* Problem to work on *
Please retype the data below in full.

* Given data *

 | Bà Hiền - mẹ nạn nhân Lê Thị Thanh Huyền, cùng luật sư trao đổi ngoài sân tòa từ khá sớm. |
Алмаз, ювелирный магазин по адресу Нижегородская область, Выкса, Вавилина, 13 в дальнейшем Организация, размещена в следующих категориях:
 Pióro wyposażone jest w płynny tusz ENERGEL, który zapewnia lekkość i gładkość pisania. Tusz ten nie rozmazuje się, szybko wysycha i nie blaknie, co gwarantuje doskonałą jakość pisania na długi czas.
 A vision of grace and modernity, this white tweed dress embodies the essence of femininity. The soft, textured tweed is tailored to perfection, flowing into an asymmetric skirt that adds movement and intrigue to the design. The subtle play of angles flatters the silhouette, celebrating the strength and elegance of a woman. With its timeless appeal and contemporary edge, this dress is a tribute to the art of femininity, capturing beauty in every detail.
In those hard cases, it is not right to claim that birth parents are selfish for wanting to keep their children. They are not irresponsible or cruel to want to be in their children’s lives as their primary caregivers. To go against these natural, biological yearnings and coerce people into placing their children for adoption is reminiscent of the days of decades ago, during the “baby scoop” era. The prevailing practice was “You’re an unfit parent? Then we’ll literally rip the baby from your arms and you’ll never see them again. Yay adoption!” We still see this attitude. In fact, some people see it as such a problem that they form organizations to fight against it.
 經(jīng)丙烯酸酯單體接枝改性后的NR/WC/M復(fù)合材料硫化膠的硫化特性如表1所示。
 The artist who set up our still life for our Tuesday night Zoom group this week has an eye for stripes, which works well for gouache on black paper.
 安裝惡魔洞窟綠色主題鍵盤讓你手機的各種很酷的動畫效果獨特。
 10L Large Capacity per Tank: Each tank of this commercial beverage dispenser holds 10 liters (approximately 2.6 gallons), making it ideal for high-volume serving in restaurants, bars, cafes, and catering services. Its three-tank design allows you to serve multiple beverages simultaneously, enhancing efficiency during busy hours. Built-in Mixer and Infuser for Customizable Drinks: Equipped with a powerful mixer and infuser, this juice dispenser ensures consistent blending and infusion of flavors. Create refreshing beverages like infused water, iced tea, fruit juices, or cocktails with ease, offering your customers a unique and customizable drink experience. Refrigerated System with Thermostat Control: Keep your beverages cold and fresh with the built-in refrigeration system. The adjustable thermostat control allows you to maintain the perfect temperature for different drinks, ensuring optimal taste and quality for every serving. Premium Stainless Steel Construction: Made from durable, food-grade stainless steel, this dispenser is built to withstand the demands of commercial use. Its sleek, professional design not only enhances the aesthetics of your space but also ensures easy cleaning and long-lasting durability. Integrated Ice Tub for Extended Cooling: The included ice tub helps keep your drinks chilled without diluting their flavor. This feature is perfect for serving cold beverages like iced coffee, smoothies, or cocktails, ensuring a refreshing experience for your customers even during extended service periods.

* Task result *
 | Bà Hiền - mẹ nạn nhân Lê Thị Thanh Huyền, cùng luật sư trao đổi ngoài sân tòa từ khá sớm. |
Алмаз, ювелирный магазин по адресу Нижегородская область, Выкса, Вавилина, 13 в дальнейшем Организация, размещена в следующих категориях:
 Pióro wyposażone jest w płynny tusz ENERGEL, który zapewnia lekkość i gładkość pisania. Tusz ten nie rozmazuje się, szybko wysycha i nie blaknie, co gwarantuje doskonałą jakość pisania na długi czas.
 A vision of grace and modernity, this white tweed dress embodies the essence of femininity. The soft, textured tweed is tailored to perfection, flowing into an asymmetric skirt that adds movement and intrigue to the design. The subtle play of angles flatters the silhouette, celebrating the strength and elegance of a woman. With its timeless appeal and contemporary edge, this dress is a tribute to the art of femininity, capturing beauty in every detail.
In those hard cases, it is not right to claim that birth parents are selfish for wanting to keep their children. They are not irresponsible or cruel to want to be in their children’s lives as their primary caregivers. To go against these natural, biological yearnings and coerce people into placing their children for adoption is reminiscent of the days of decades ago, during the “baby scoop” era. The prevailing practice was “You’re an unfit parent? Then we’ll literally rip the baby from your arms and you’ll never see them again. Yay adoption!” We still see this attitude. In fact, some people see it as such a problem that they form organizations to fight against it.
 經(jīng)丙烯酸酯單體接枝改性后的NR/WC/M復(fù)合材料硫化膠的硫化特性如表1所示。
 The artist who set up our still life for our Tuesday night Zoom group this week has an eye for stripes, which works well for gouache on black paper.
 安裝惡魔洞窟綠色主題鍵盤讓你手機的各種很酷的動畫效果獨特。
 10L Large Capacity per Tank: Each tank of this commercial beverage dispenser holds 10 liters (approximately 2.6 gallons), making it ideal for high-volume serving in restaurants, bars, cafes, and catering services. Its three-tank design allows you to serve multiple beverages simultaneously, enhancing efficiency during busy hours. Built-in Mixer and Infuser for Customizable Drinks: Equipped with a powerful mixer and infuser, this juice dispenser ensures consistent blending and infusion of flavors. Create refreshing beverages like infused water, iced tea, fruit juices, or cocktails with ease, offering your customers a unique and customizable drink experience. Refrigerated System with Thermostat Control: Keep your beverages cold and fresh with the built-in refrigeration system. The adjustable thermostat control allows you to maintain the perfect temperature for different drinks, ensuring optimal taste and quality for every serving. Premium Stainless Steel Construction: Made from durable, food-grade stainless steel, this dispenser is built to withstand the demands of commercial use. Its sleek, professional design not only enhances the aesthetics of your space but also ensures easy cleaning and long-lasting durability. Integrated Ice Tub for Extended Cooling: The included ice tub helps keep your drinks chilled without diluting their flavor. This feature is perfect for serving cold beverages like iced coffee, smoothies, or cocktails, ensuring a refreshing experience for your customers even during extended service periods.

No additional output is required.